Downloads FASTQ files from Illumina BaseSpace via the CLI with md5 checksums.
Requires a Conda installation.
Requires bs and bs-cp from BaseSpace Sequence Hub CLI to be on the path - there are no Conda packages available.
For University of Edinburgh users only: Anaconda and the CLI is in the module system.
module load anaconda
module load igmm/apps/BaseSpaceCLI/0.10.7
Log in to BaseSpace Developers with your BaseSpace account credentials. Create a new native application, call it whatever you like. Click on the 'Credentials' tab, and copy the access token from the text box. Save it somewhere, e.g. in a file $HOME/.basespace_access_token
. This is the value you pass to the --access_token
parameter in this pipeline.
Authenticate against the account you want to download from. This has to be done interactively because the command generates a URL which you need to copy & paste into a browser. You'll be directed to the Basespace website to sign in.
bs auth
Log in to the BaseSpace website and look in the RUNS section for your run name. Note that this is the run name assigned by the sequencing facility, not the run ID from the machine (e.g. 200423_NB551016_0613_AHLGWCBGXF). If the run name isn't visible in the table, click through to the run page.

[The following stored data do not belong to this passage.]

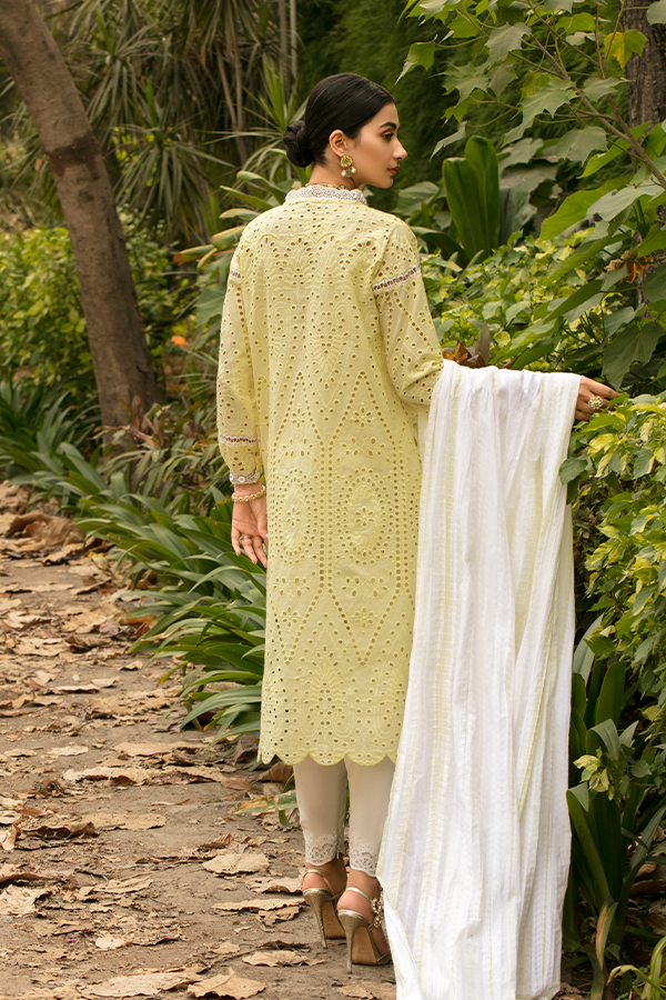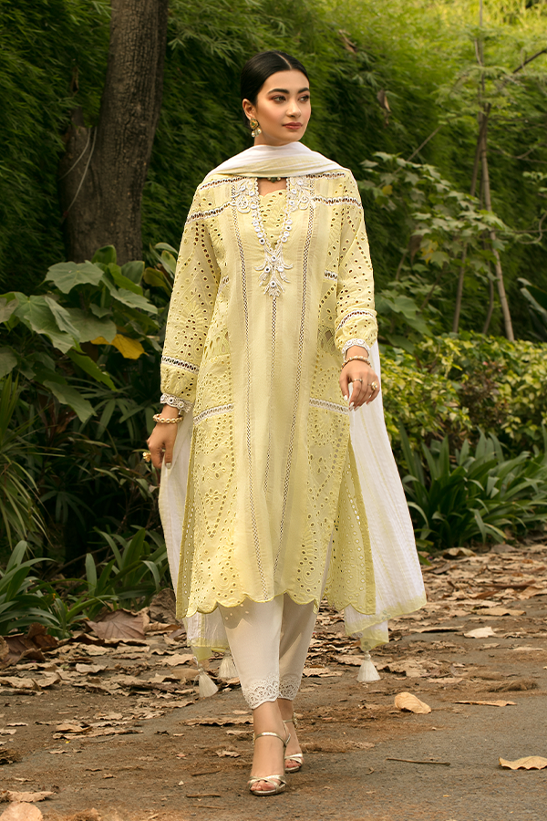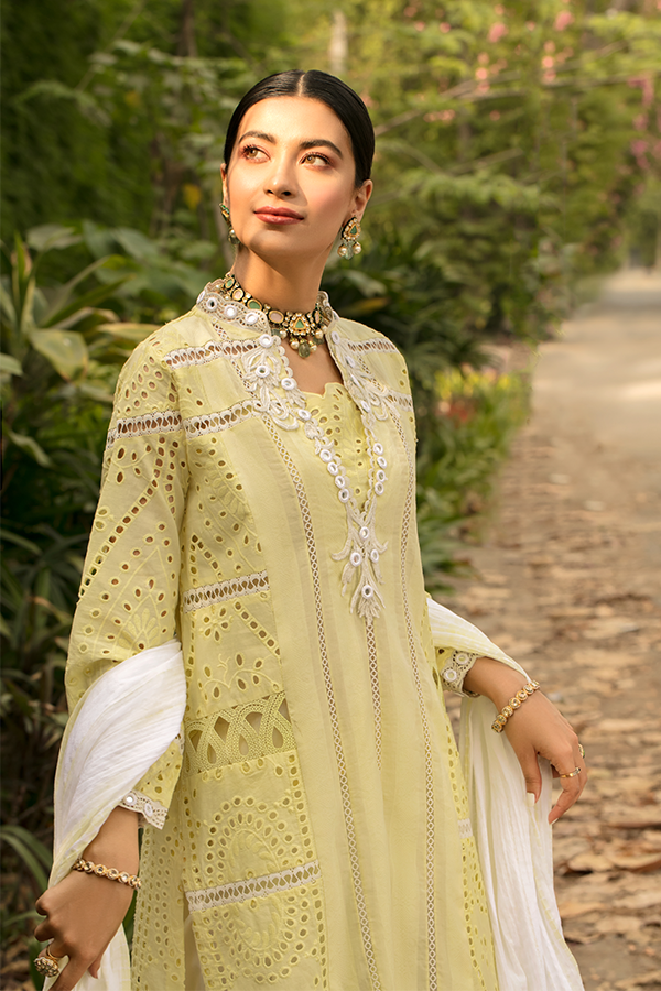 Description: A radiant display of elegance is embodied by Citrine featuring chikan canvas rendered in a soft yellow hue enhanced with mirror work and laces. Paired along is a beautifully draped swiss voile dupatta and cotton azaar pants wondrously finishing the elegant look!
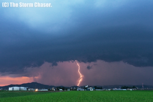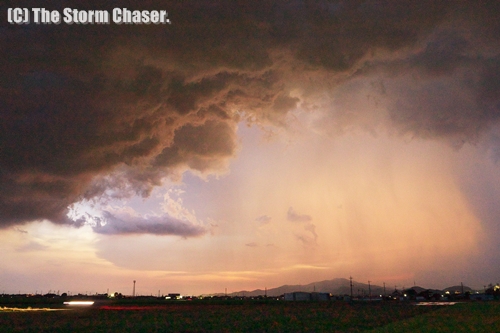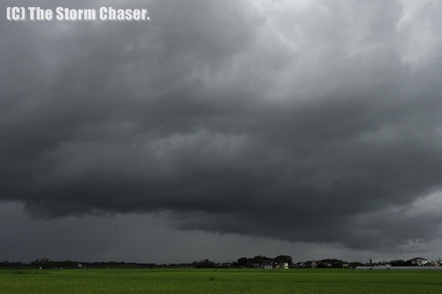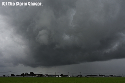 下野市付近でとらえた線状降水帯。雲底に渦も見える。© Yutaka Aoki. All rights reserved.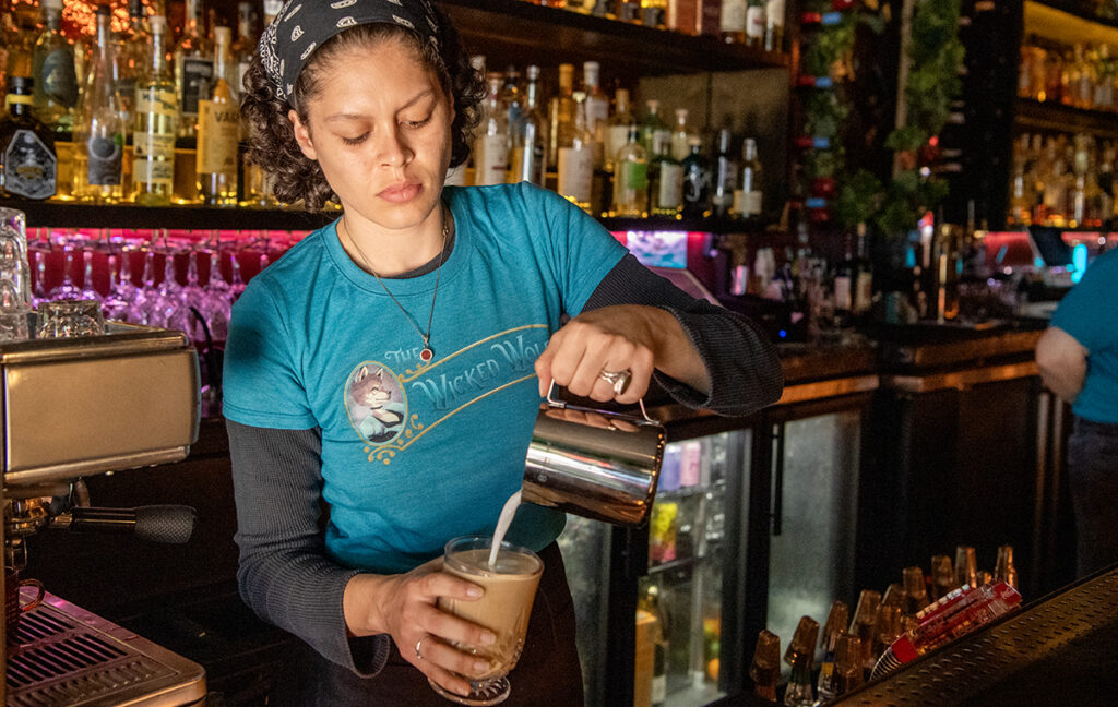 Benet Bouchard makes a Lavender Cardamom London Fog while behind the bar. Photo by Thomas R. Cordova.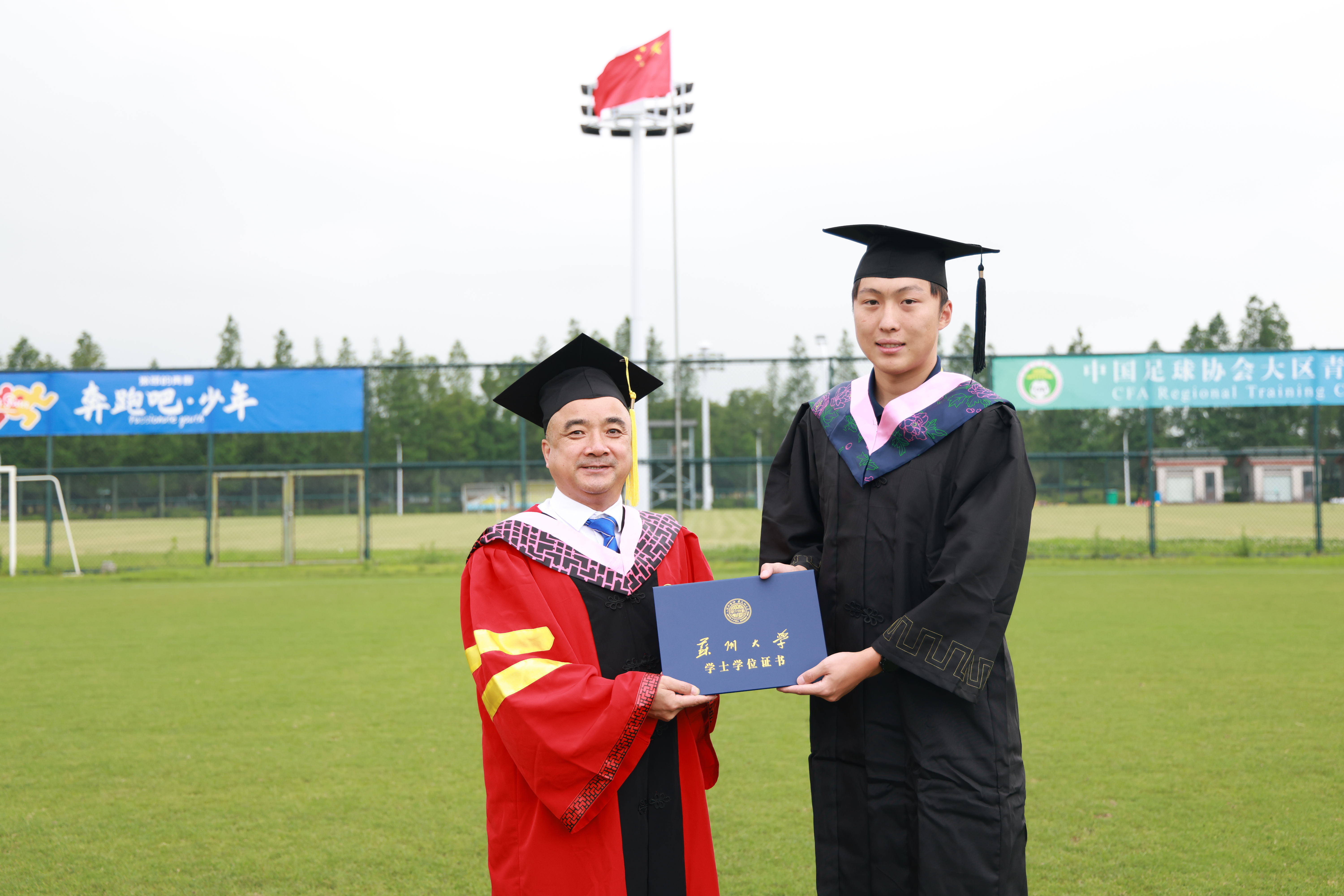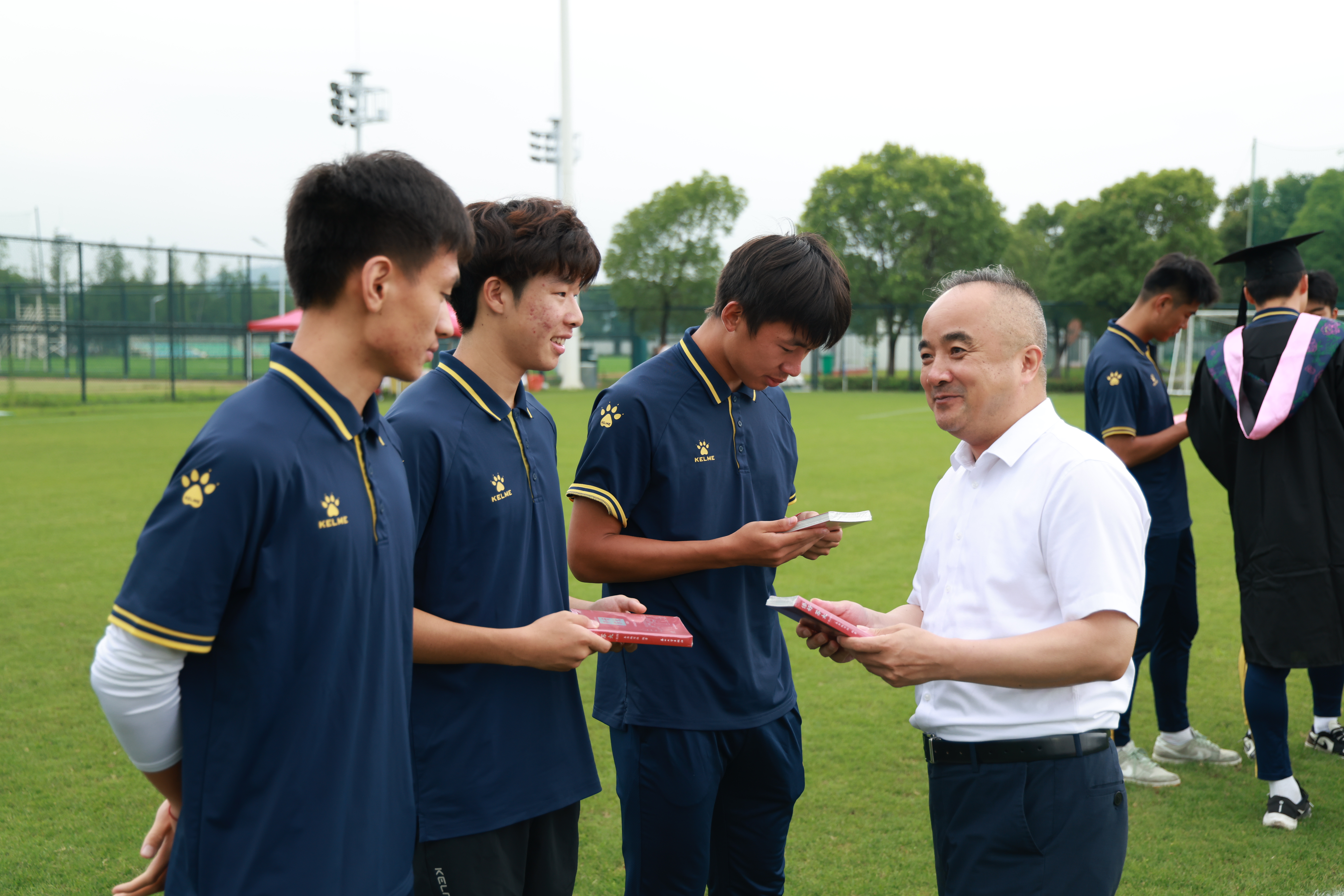 6月23日,一场特殊的毕业典礼在苏州太湖足球运动中心进行。 九游官网党委常委、副校长查佐明来到训练场上,为该校应届本科毕业生、“苏超”联赛苏州队门将纪振勇拨穗。

The project name can be found either in the PROJECTS section as for the run name, or by clicking through to the project page.
If your run has gone through basecalling more than once, use the project id (numeric, found in the URL when viewing the project) instead of the name, as the name may be duplicated.
Reads for all the samples in the run will be downloaded to a subfolder of the output folder, named using the run ID from the machine.
The runs will be moved to a sub-folder of <output_dir>
named by the run id (e.g. 200423_NB551016_0613_AHLGWCBGXF
) as this is more likely to be an invariant format than the run names assigned by the sequencing facility. The output folder will contain the gzipped FASTQ files for each sample, a text file of format sample.md5sum.txt containing the md5 checksums, a text file of format sample.md5_check with the results of checking those, and a text file samples.txt with the list of sample ids.
nextflow run ameynert/base-space-download-fastq-with-checksums \
--access_token <access_token> \
--project <project_name> \
--run <run_name> \
--outdir <output_dir>
For sequencing from the University of Edinburgh Clinical Research Facility
If you are downloading a NextSeq 550 run, use the command as above. For a NextSeq 2000 run, add the parameter --dragen
. For anyone else, you may need to experiment with this flag.